Paris - European stocks rallied on Wednesday, with one regional benchmark hitting a level not seen since late 2000, ahead of a European Central Bank meeting at which the bank is expected to affirm its loose monetary stance.
Shares in France's Alcatel-Lucent dropped 13%, slipping back from its sharp rally on Tuesday as rival Nokia unveiled the details of its all-share takeover offer for Alcatel, which values it at €15.6bn.
Shares in resource-related companies rallied, bouncing back from a recent drop, after Chinese figures came in in-line with expectations.
Data showed gross domestic product (GDP) grew an annual 7% in the first quarter, slowing from 7.3% in the fourth quarter of 2014. While matching the median forecast in a Reuters poll, some analysts said it seemed stronger than data on the components of growth suggested.
Rio Tinto was up 1.6% and BHP Billiton up 2.1%.
The FTSEurofirst 300 index of top European shares was up 0.8% at 1 652.13 points.
The index has surged 21% so far this year, strongly outpacing Wall Street, as investors bet the European Central Bank's asset-buying programme will support the region's economic recovery and that corporate profits will rise.

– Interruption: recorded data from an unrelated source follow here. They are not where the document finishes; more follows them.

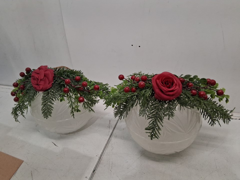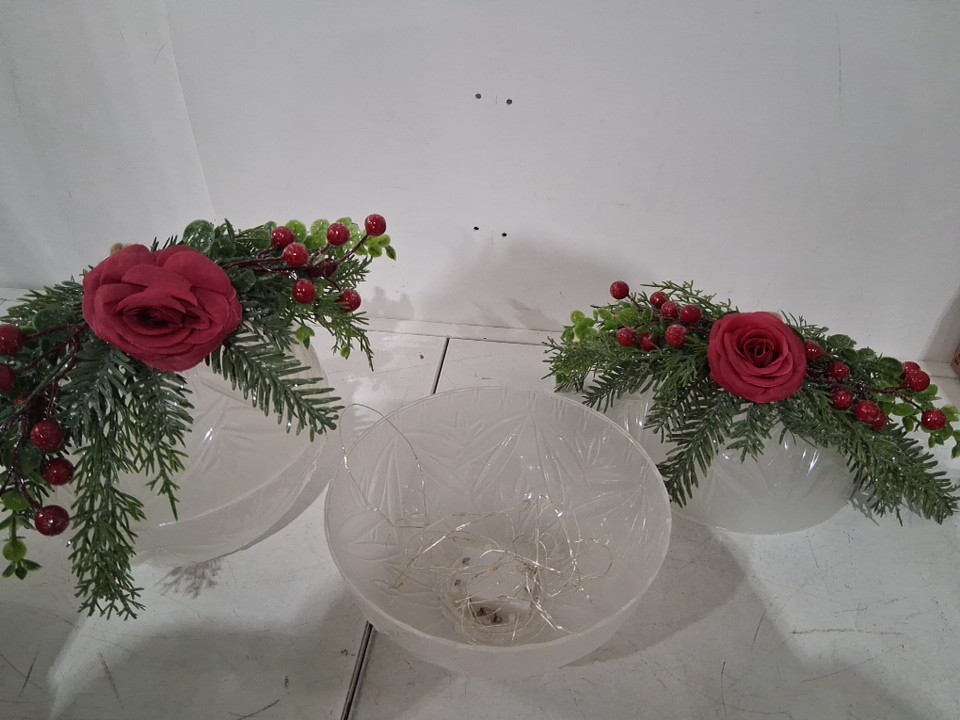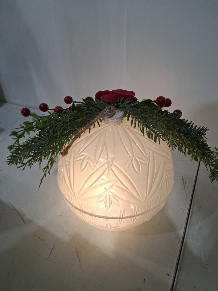 One of the flower balls is split in half, but the customer should be able to glue it back together.
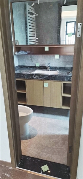 卫生间洗手盆上水管未安装,镜柜灯带未安装。
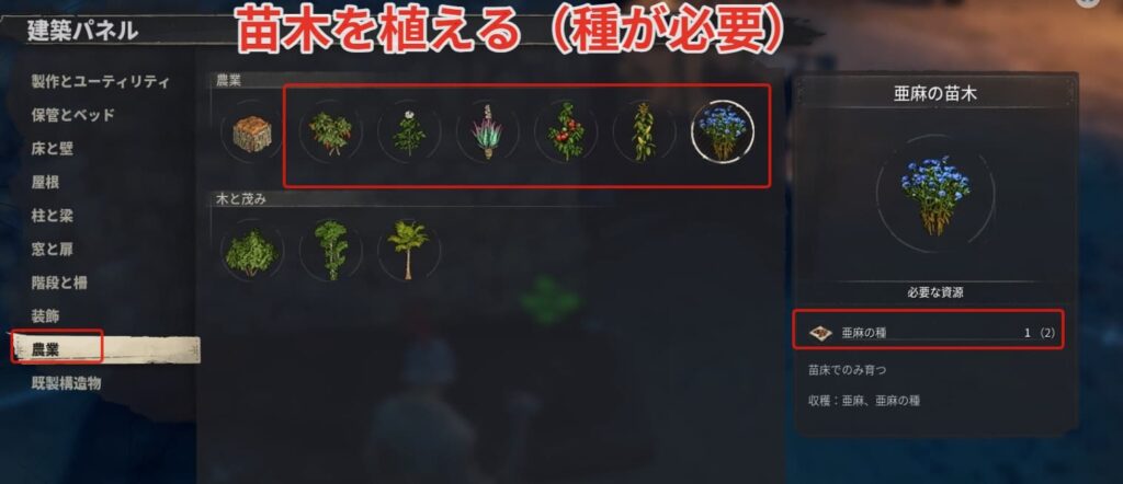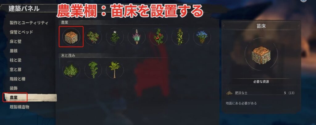 拠点に戻って農業の欄にある【苗床】を設置しましょう。
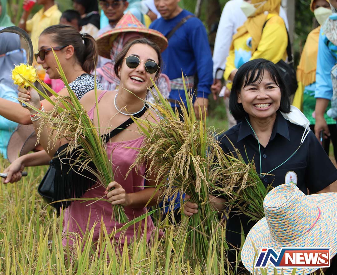 นักท่องเที่ยวต่างชาติร่วมลงแขกเกี่ยวข้าวตำข้าวในนาผืนสุดท้าย

The ECB is set to keep rates unchanged at record lows at its meeting later in the day, and is also tipped to quash talk it might scale down sooner than planned the 1 trillion euro quantitative easing scheme it launched last month.
"The effect from the ECB's quantitative easing is massive. With the drop in the euro and the drop in financing costs, there's a major upside potential for corporate margins in the euro zone," said Serge Pizem, global head of multi asset investments at AXA Investment Managers in Paris.
Around Europe, UK's FTSE 100 index was up 0.4% on Wednesday, Germany's DAX index up 0.6%, and France's CAC 40 up 0.8%.